Task to carry out: Please transcribe the data that follows exactly as given, leaving out every picture.
[Exercise data]
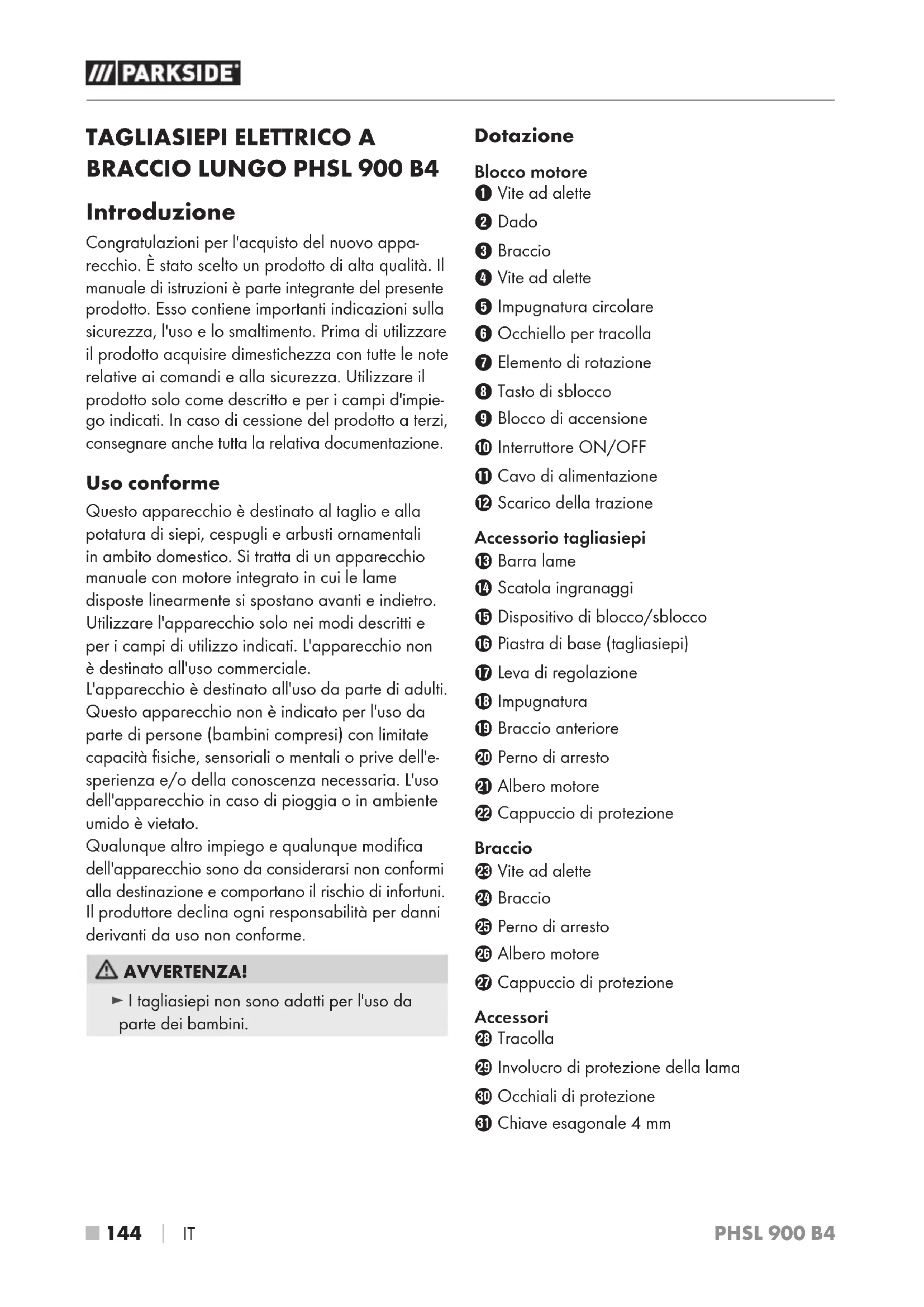 PHSL 900 B4 - Tagliasiepi PARKSIDE - Manuale utente e istruzioni gratuiti
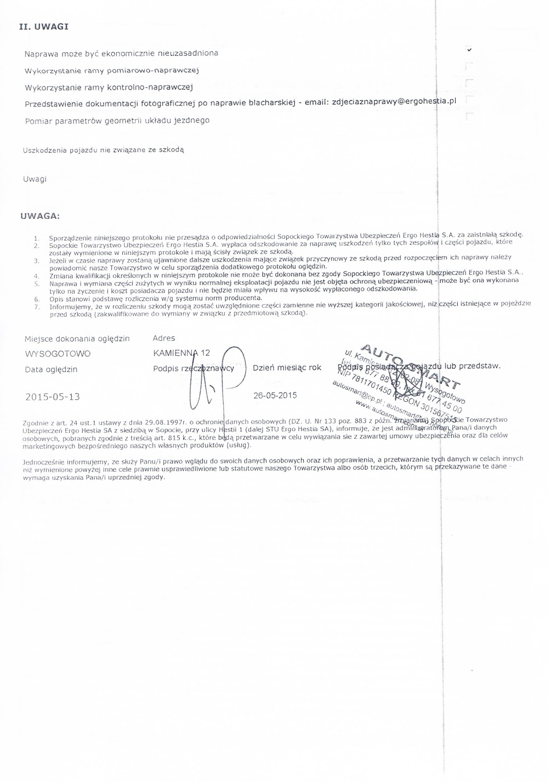 Dla ciekawskich protokół szkody z MTU:
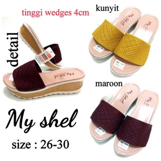 TERBARU SANDAL SELOP WEDGES ANAK SANDAL RAJUT MY SHEL SIZE 26-30 HARGA TERMURAH KUNYIT MAROON
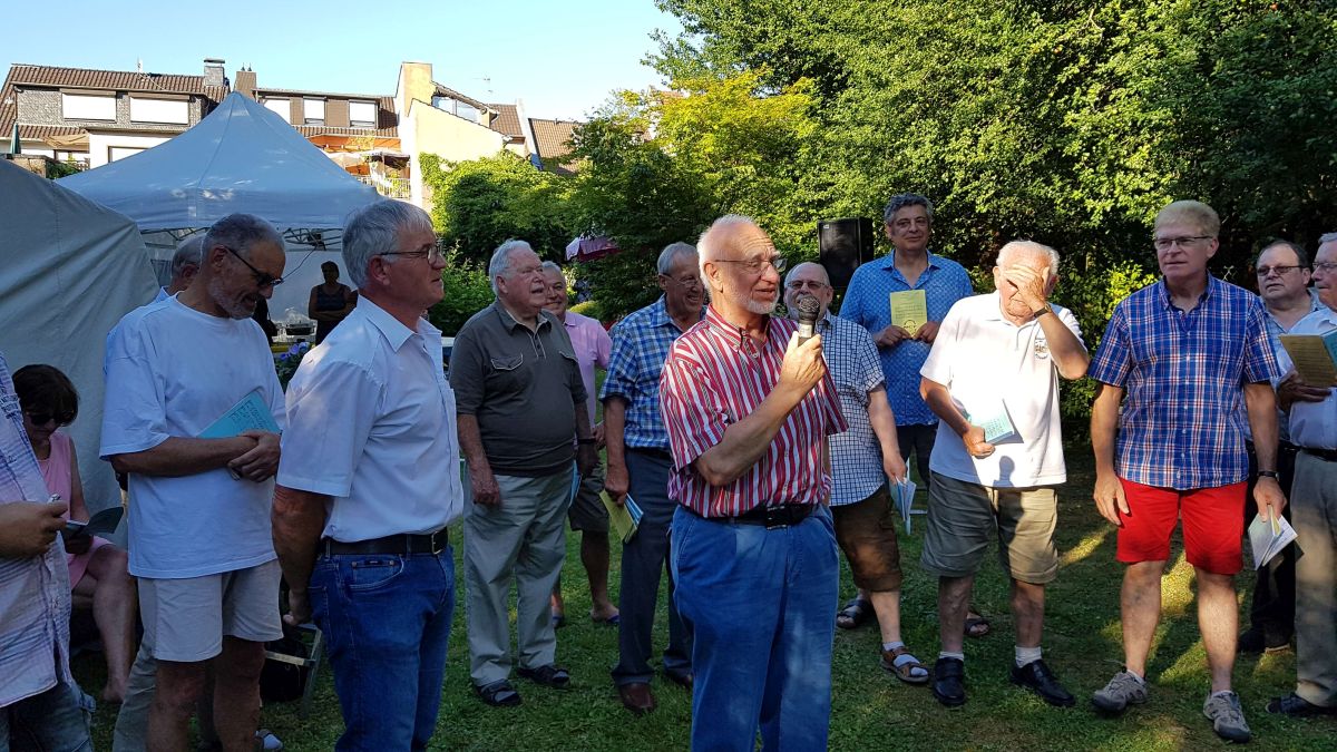 Am Abend des 29.06.2019 trafen sich die Sänger um 19:00 Uhr um Alfred musikalisch und persönlich zu gratulieren. Dies taten wir dann auch mit bekannten Liedern aus unserem Repertoire. Die Geburtstagsgäste waren schon sehr zahlreich vorhanden, hatte Alfred doch „Groß zur Gartenparty“ eingeladen. Unser Vorsitzender Klaus Rech hielt eine kurze Ansprache und überreichte ein Geschenk im Namen der Sänger. Das anschließend dargebrachte „Hoch“ galt Alfred und den anwesenden Jubilaren. Danach erfreuten sich Gäste und Sänger am eröffneten Buffet. Es wurde ein langer Abend bei guten Gesprächen und neuen Bekanntschaften. Danke Alfred.
[/Exercise data]
Finished exercise:
 PHSL 900 B4 - Tagliasiepi PARKSIDE - Manuale utente e istruzioni gratuiti
 Dla ciekawskich protokół szkody z MTU:
 TERBARU SANDAL SELOP WEDGES ANAK SANDAL RAJUT MY SHEL SIZE 26-30 HARGA TERMURAH KUNYIT MAROON
 Am Abend des 29.06.2019 trafen sich die Sänger um 19:00 Uhr um Alfred musikalisch und persönlich zu gratulieren. Dies taten wir dann auch mit bekannten Liedern aus unserem Repertoire. Die Geburtstagsgäste waren schon sehr zahlreich vorhanden, hatte Alfred doch „Groß zur Gartenparty“ eingeladen. Unser Vorsitzender Klaus Rech hielt eine kurze Ansprache und überreichte ein Geschenk im Namen der Sänger. Das anschließend dargebrachte „Hoch“ galt Alfred und den anwesenden Jubilaren. Danach erfreuten sich Gäste und Sänger am eröffneten Buffet. Es wurde ein langer Abend bei guten Gesprächen und neuen Bekanntschaften. Danke Alfred.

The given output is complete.